Commentary

African-Americans in the Advertising Industry

A new study by Bendick and Egan Economic Consultants, released in January, 2009 by the NAACP and Mehri & Skalet, reports data on African-American professionals in the advertising industry in pay, hiring, promotions, assignments, and other areas of employment. The study says that Black college graduates working in advertising earn $.80 for every dollar earned by their White counterparts, and Black managers and professionals are only one-tenth as likely as their White counterparts to earn $100,000 a year.

 The Executive Summary reports that as employment discrimination has sharply diminished across the American labor market over recent decades, barriers to equal opportunity in this $31 billion a year industry have remained largely intact.

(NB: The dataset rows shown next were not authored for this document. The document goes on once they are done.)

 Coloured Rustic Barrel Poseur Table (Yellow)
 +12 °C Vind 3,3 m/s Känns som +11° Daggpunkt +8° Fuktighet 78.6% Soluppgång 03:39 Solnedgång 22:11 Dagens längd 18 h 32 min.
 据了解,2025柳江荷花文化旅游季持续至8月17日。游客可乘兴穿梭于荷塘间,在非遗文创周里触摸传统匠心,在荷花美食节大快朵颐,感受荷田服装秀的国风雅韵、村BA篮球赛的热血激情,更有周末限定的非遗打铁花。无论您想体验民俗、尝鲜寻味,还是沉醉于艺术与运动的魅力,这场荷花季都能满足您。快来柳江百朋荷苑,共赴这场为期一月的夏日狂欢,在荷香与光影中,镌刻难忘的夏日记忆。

Across multiple measures, says the summary, the Black-White gap averages 38% larger in advertising than in the overall U.S. labor market. The divergence between racial equality in this industry and the rest of the labor market is more than twice as large today as 30 years ago.

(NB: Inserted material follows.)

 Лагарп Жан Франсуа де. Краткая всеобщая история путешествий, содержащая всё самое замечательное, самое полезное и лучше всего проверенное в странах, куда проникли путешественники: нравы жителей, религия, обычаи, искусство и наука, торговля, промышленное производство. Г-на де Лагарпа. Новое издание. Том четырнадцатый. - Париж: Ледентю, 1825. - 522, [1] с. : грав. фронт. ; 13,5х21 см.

  • Earnings provide one important measure of the industry's unequal treatment of African Americans. The racial pay gap is more than twice as large in advertising as in the overall labor market.
  • Data from the U.S. Census Bureau and U.S. Equal Employment Opportunity Commission estimate the expected representation of African Americans at 9.6% of advertising managers and professionals. The current 5.3% representation reaches only 55% of that benchmark
  • About 16% of large establishments in the industry employ no Black managers or professionals, a rate 60% higher than in the overall labor market.
  • Blacks are only 62% as likely as their White counterparts to work in advertising agencies' "creative" and "client contact" functions, says the report
  • Based on national demographic data, African-Americans should be 9.6% of the managers and professionals, but in 2008 only 5.3% of managers and professionals were African-American, a difference of 7,200 African-Americans

Please visit here for the summary release, and link to the PDF final report from Bendick and Egan.

 

And, a quick extra from Scarborough Sports Marketing at the last minute. A look at the people who attend Cardinals and Steelers games...  

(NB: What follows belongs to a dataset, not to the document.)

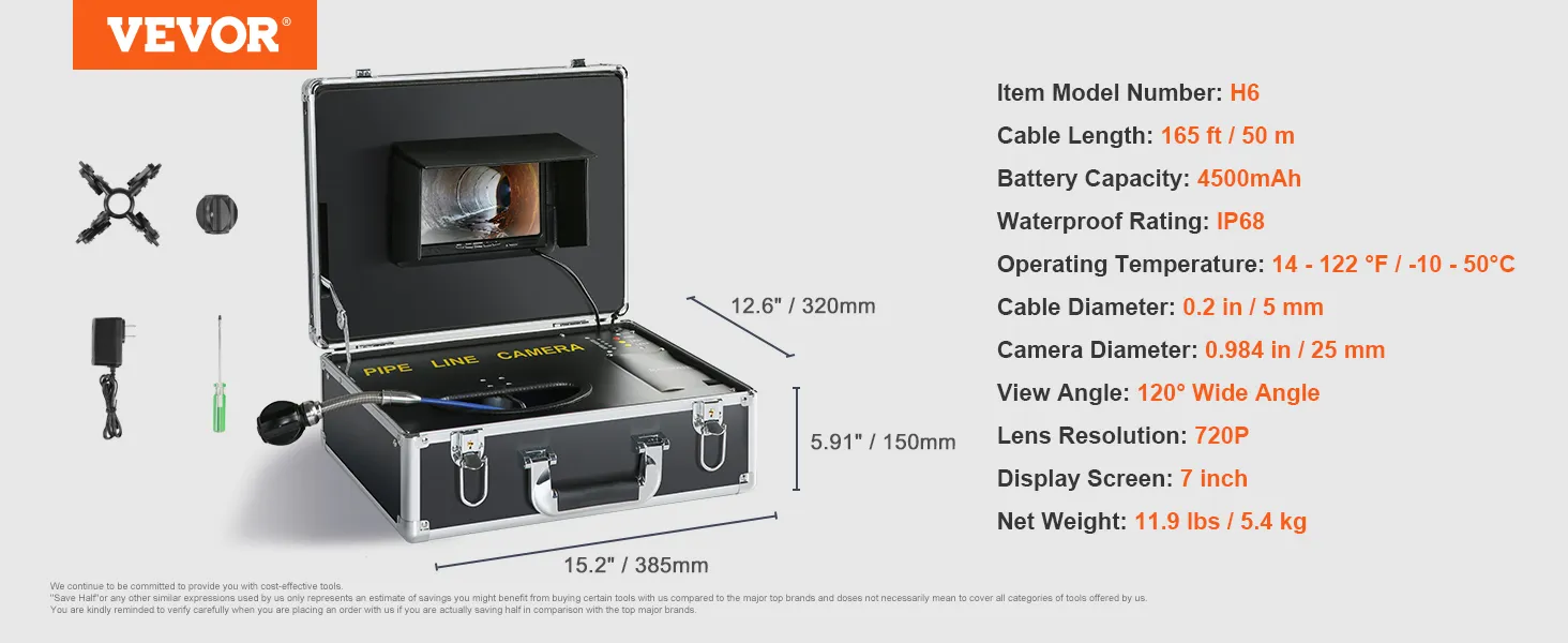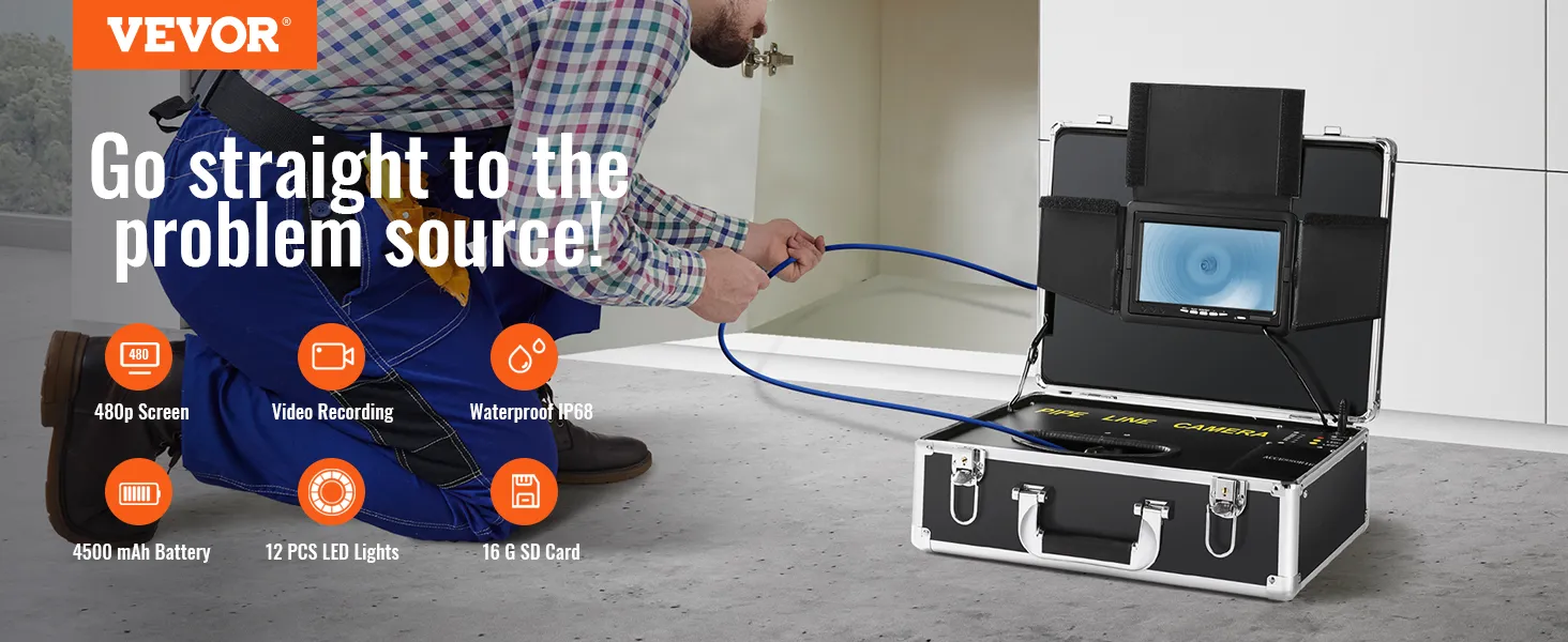 Naša vysokokvalitná 7-palcová kamera na kontrolu kanalizácie s rozlíšením 1000TVL vám môže poskytnúť vizuálnu informáciu o stave potrubia. Pomocou nej môžete prevziať kontrolu nad akýmkoľvek priestorom a nájsť riešenie s VEVOR!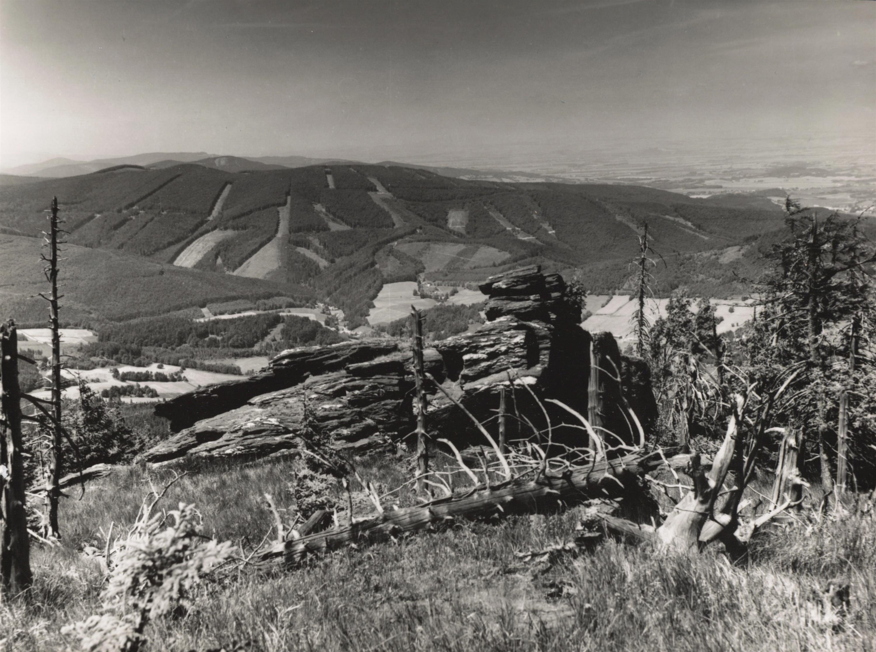 241. Jeseníky, Obří skály pod Šerákem, vzadu Rychlebské vrchy

  • Cardinals attendees in Phoenix have more disposable income than Pittsburgh's Steelers attendees. 23% of adults in Phoenix who went to a Cardinals game during the past year have an annual household income of $100k+, versus 13% of Pittsburgh's Steelers game attendees who are in that income bracket.
  • Cardinals attendees are more likely to have children at home - 56% have at least one kid age 17 or younger in the household, versus 39% of Pittsburgh's Steelers game attendees.
  • Both Cardinals and Steelers game attendees are more likely than others in their respective cities to be young. Steelers Attendees are 31% more likely than other Pittsburgh adults to be ages 18-34, and Cardinals attendees are 23% more likely than other Phoenix adults to be in this age range.
  • Cardinals and Steelers game attendees are equally likely to be single. One-third of game attendees in each of their home city markets are single, and these attendees are more likely than others in their home cities to be single.
  • Pittsburgh is known as a blue collar town, and Steelers game attendees are 12% more likely than the city as a whole to be blue collar. By contrast, Phoenix's Cardinals attendees are 18% less likely than all Phoenix adults to be blue collar.
  • Phoenix's Cardinals game attendees have almost an even gender split. 52% of those who attended a game during the past year are male, and 48% are female. In Pittsburgh, 58% of Steelers game attendees are male, vs. 42% who are female.